- **Instructions to follow**: Could you please reproduce all the records below exactly, leaving out the images?

- **The data**:

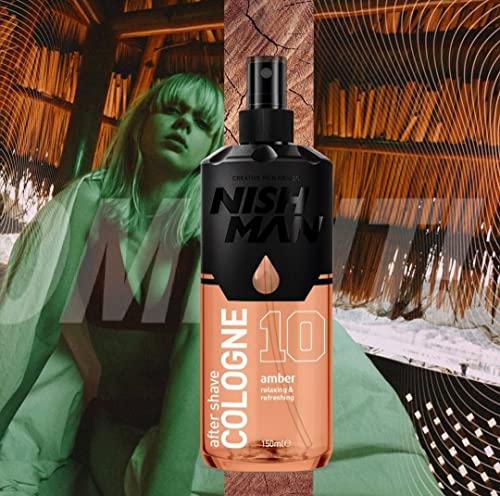 NISHMAN After Shave Cologne Amber 10, 150ml – Nishman Relaxing Refreshing Aftershaving Spray Lotion Kolonya for Men–Contains pear, peach, raspber
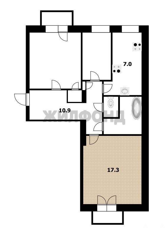 - 17.3 м²
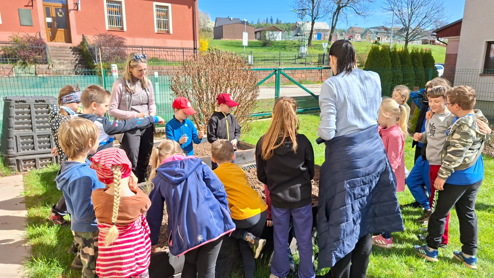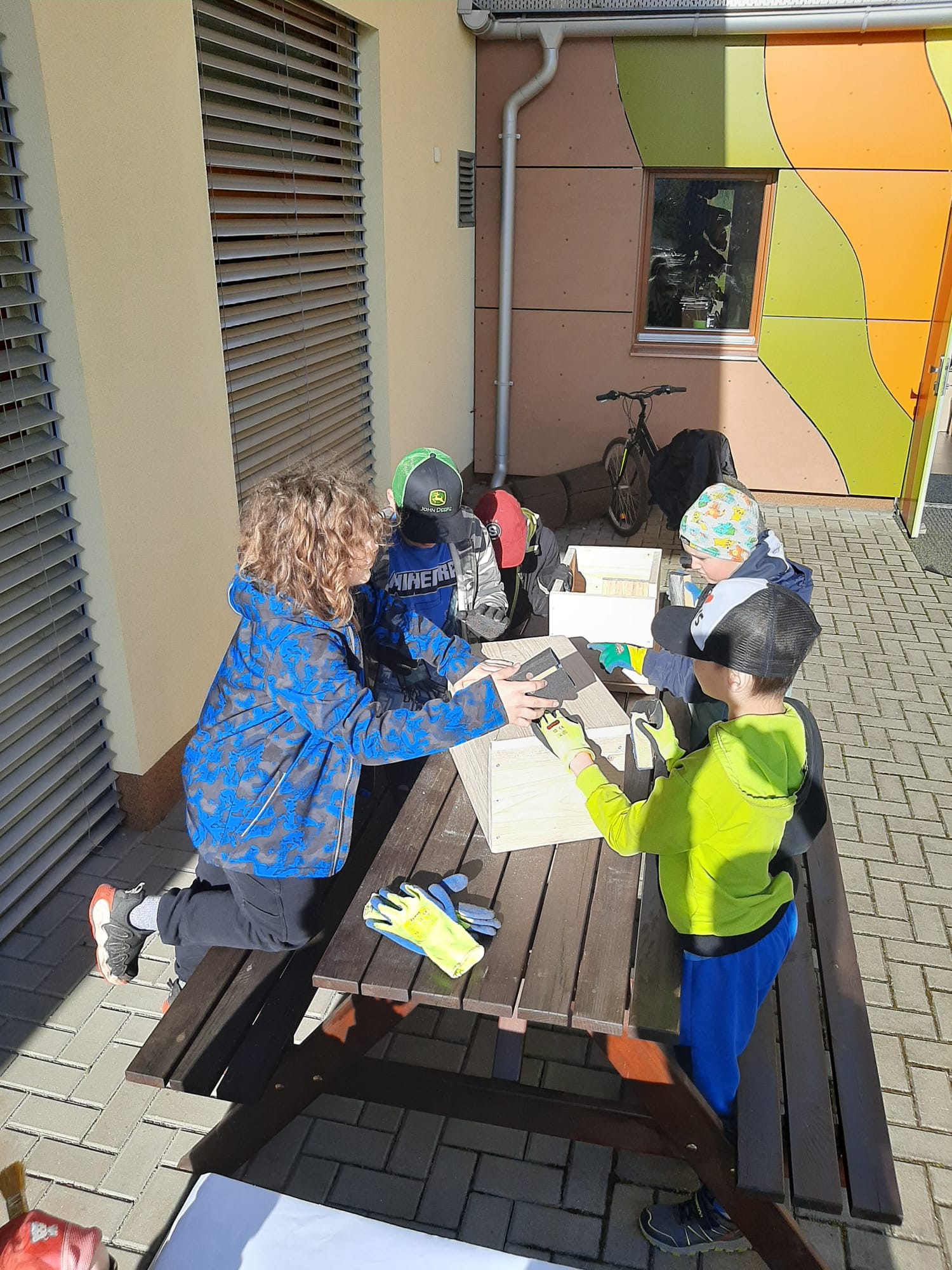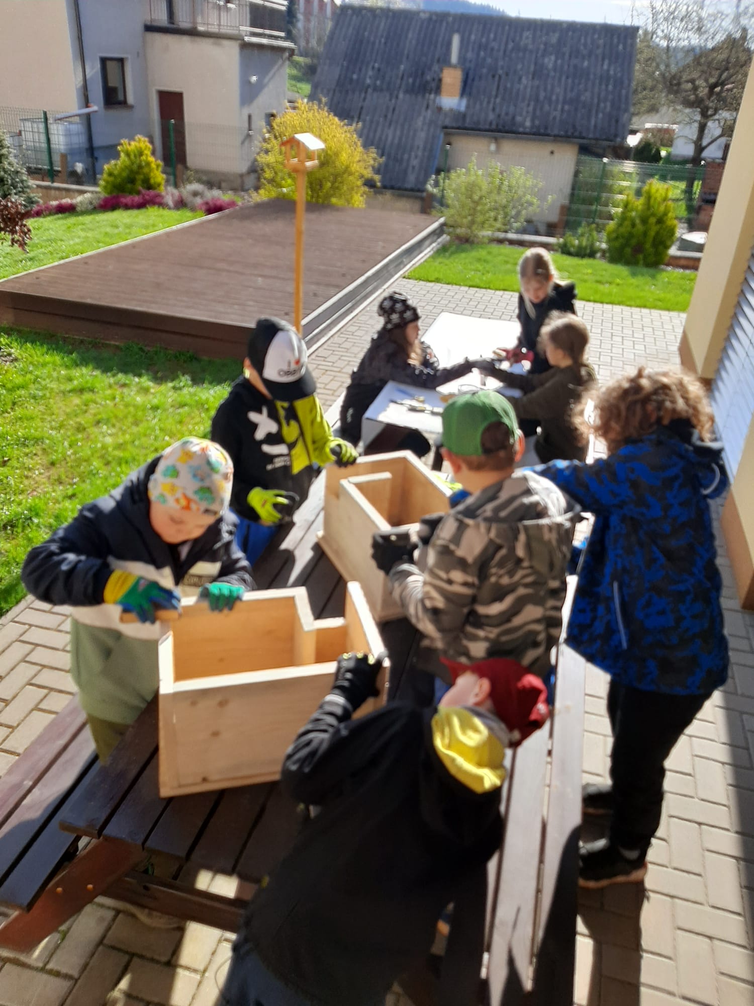 Žáci byli rozděleni do čtyř skupin a každá se věnovala jiné činnosti. První skupina se zaměřila na sběr odpadků v okolí školy, další uklízela prostor kolem školního hřiště – hrabala trávu, větve a listí. Jiní žáci se pustili do sázení rostlin a další brousili a natírali zhotovené ptačí budky a domečky pro ježky.
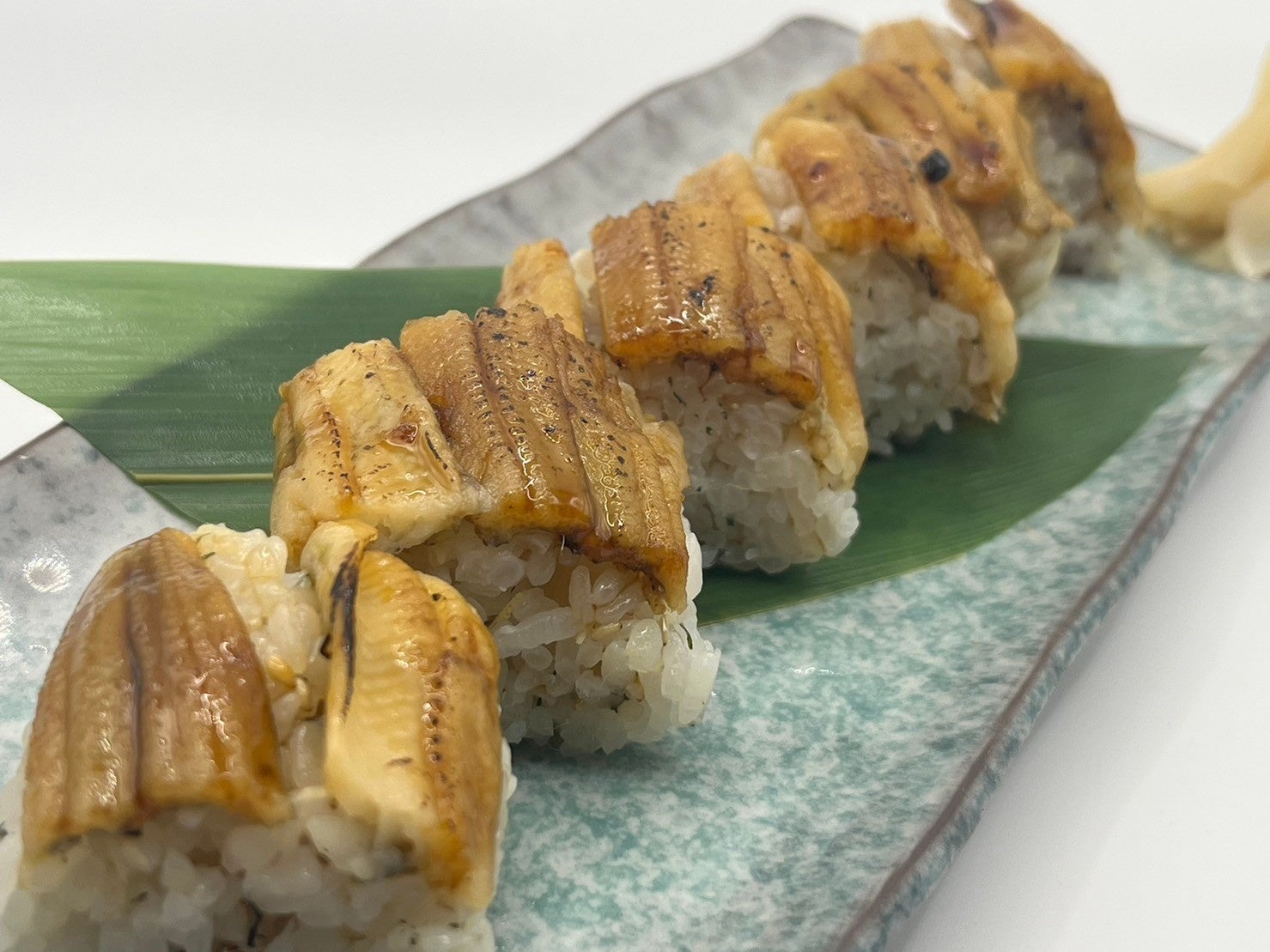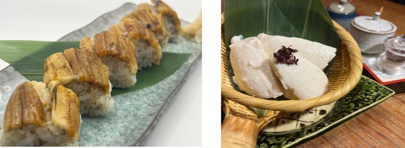 ▲(左から)広島県穴子棒寿司、青森県自然薯豆腐
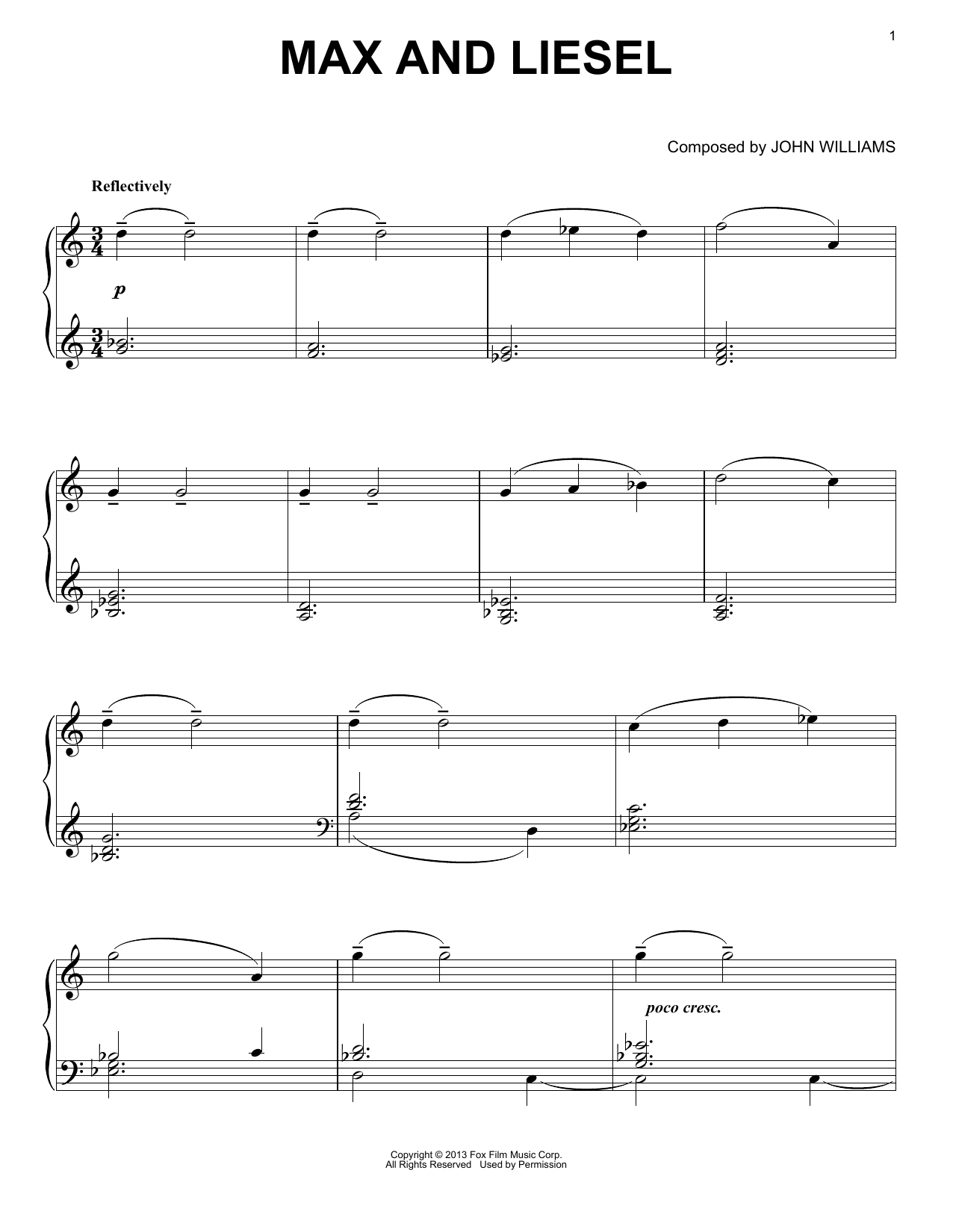 Download or print John Williams Max And Liesel sheet music, chords and digital score arranged for Piano Solo. This Film/TV score includes 2 page(s).
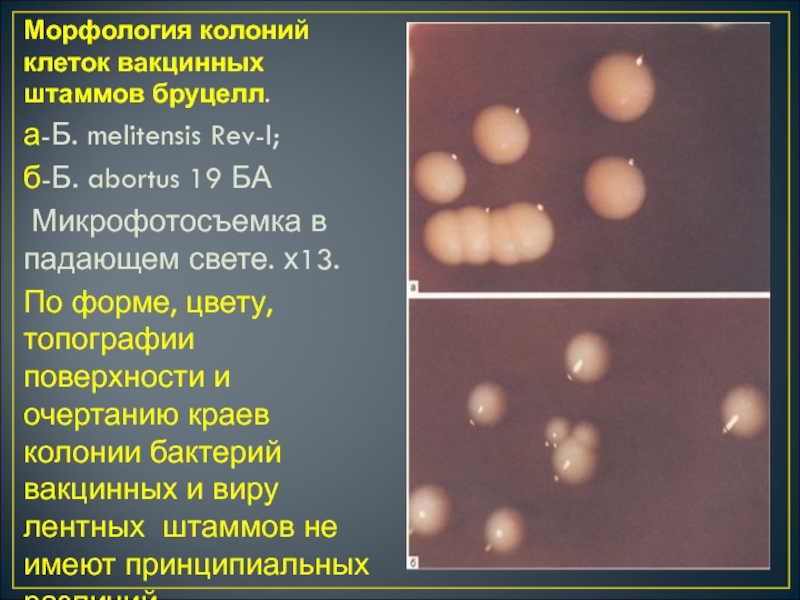 Слайд 19Морфология колоний клеток вакцинных штаммов бруцелл.

- **Solution to this task**:
 NISHMAN After Shave Cologne Amber 10, 150ml – Nishman Relaxing Refreshing Aftershaving Spray Lotion Kolonya for Men–Contains pear, peach, raspber
 - 17.3 м²
 Žáci byli rozděleni do čtyř skupin a každá se věnovala jiné činnosti. První skupina se zaměřila na sběr odpadků v okolí školy, další uklízela prostor kolem školního hřiště – hrabala trávu, větve a listí. Jiní žáci se pustili do sázení rostlin a další brousili a natírali zhotovené ptačí budky a domečky pro ježky.
 ▲(左から)広島県穴子棒寿司、青森県自然薯豆腐
 Download or print John Williams Max And Liesel sheet music, chords and digital score arranged for Piano Solo. This Film/TV score includes 2 page(s).
 Слайд 19Морфология колоний клеток вакцинных штаммов бруцелл.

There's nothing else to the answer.